Statistics for COVID-19 Sound/Voice Datasets used in this study.

To the best of our knowledge, the YouTube dataset currently contains the largest amount of voice data (in hours) for COVID-19 generally (all variants), the Omicron variants specifically, and, particularly, upper respiratory infections that were confirmed or self-declared non-COVID. The Coswara dataset contains samples which may be other upper respiratory infections but were not confirmed or self-declared as non-COVID. We also note that within the previously reported “Sounds of COVID” dataset from Han. et al, nearly half the 1,964 negative participants had at least one “COVID” symptom, but multiple of these possibilities were unrelated to the upper respiratory system (e.g., fever, dizziness). ⁶ In this study, each participant was instructed to read the same short sentence 3 separate times. ⁶

In contrast, the YouTube dataset intentionally contained either self-declared non-omicron illnesses or illnesses that were designated non-omicron based on the date of posting.

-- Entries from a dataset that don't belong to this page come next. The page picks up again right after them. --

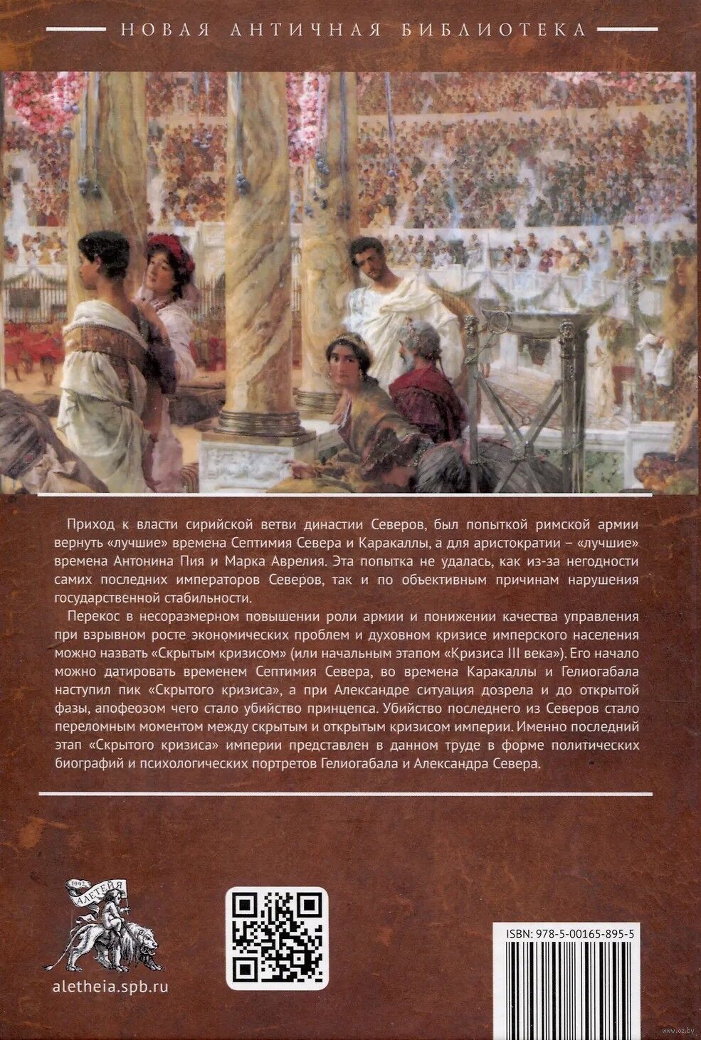 Именно последний этап "Скрытого кризиса" империи рассматривается в данном труде в форме политических биографий и психологических портретов Гелиогабала и Александра Севера.
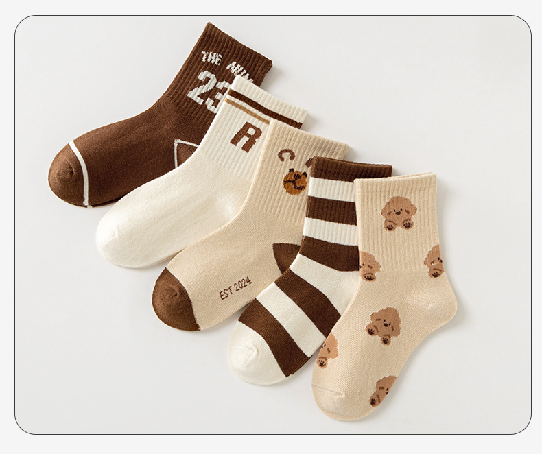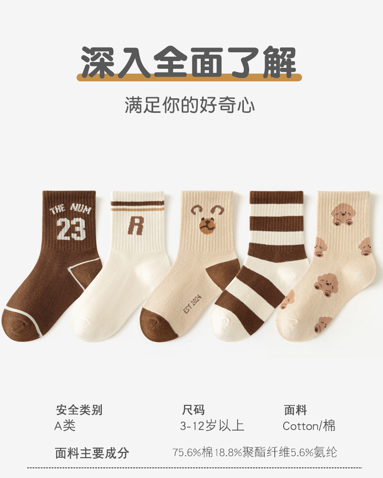 儿童袜子新款男童春秋季棉袜中筒袜卡通小熊女童运动袜青少年潮袜
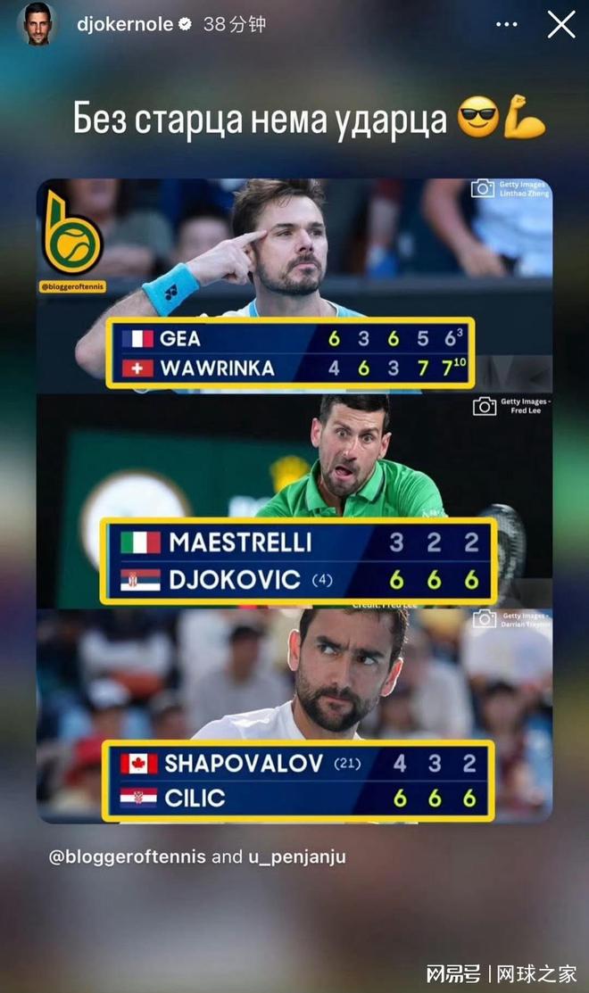 澳网男女单32强产生!德约瓦林卡西里奇三老将晋级!
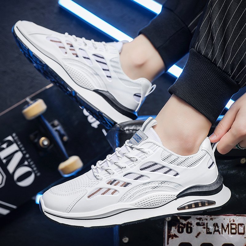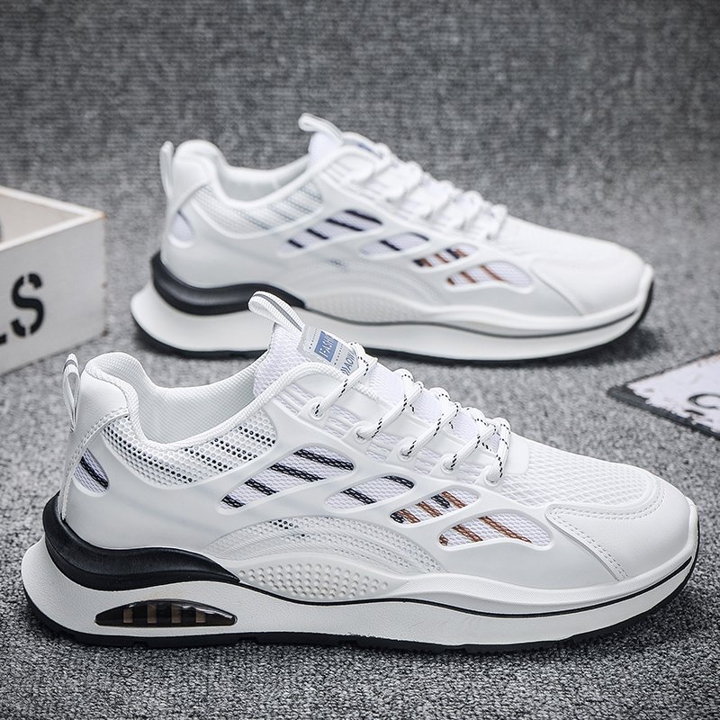 These sneakers combine stylish design with exceptional functionality, providing you with a comfortable wearing experience. Made with breathable mesh material, they keep your feet dry and comfortable. The thickened cushioning air sole offers excellent shock absorption, making them perfect for running, workouts, or daily wear. The outsole features anti-slip and wear-resistant rubber, enhancing grip and stability for safe walking. The clean, modern color scheme paired with a streamlined design makes these shoes versatile for any outfit, blending sport and casual style seamlessly.
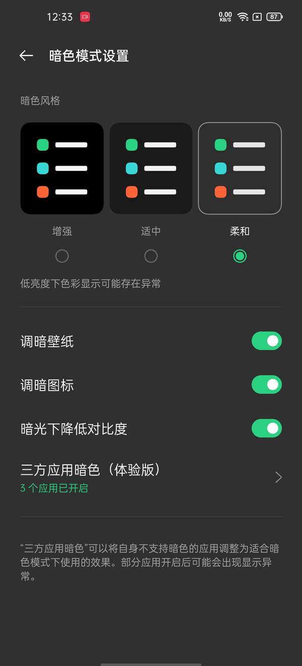 目前的大多数厂商的暗色模式为全黑显示,但对于小雷来说增强模式的全黑界面在拖动画面时的拖影实在是无法接受(由于OLED屏黑色不发光),而ColorOS 11则是通过调节对比度带来不同强度的暗色模式,其中柔和模式的灰黑色十分符合小雷自身的使用习惯,既起到了保护视力(疑似)的作用,又不会影响到日常的实际体验。

The samples were selected for the potential to impact the upper respiratory system and strengthen the model as a tool for symptomatic testing with voice data. These included influenza, strep throat, cold, allergy attack, asthma, bronchitis, and others. Prior to training, we applied preprocessing and augmentation strategies to the dataset as described in sections 3.2-3.3.

4.1.2 Coswara

After preprocessing the data to remove samples with more than 50% silence or background noise (section 3.2), the remaining subset of the Coswara database contained 213 Omicron samples (defined using the same date range as the YouTube data), 251 non-Omicron COVID-19 samples, 102 samples from non-diagnosed URIs (COVID-19 not confirmed or ruled out), and 704 healthy samples (on date of access). These scripted samples include audio from counting in English at two rates of speed: normal and fast. Statistics for the Coswara dataset are listed in Table 1.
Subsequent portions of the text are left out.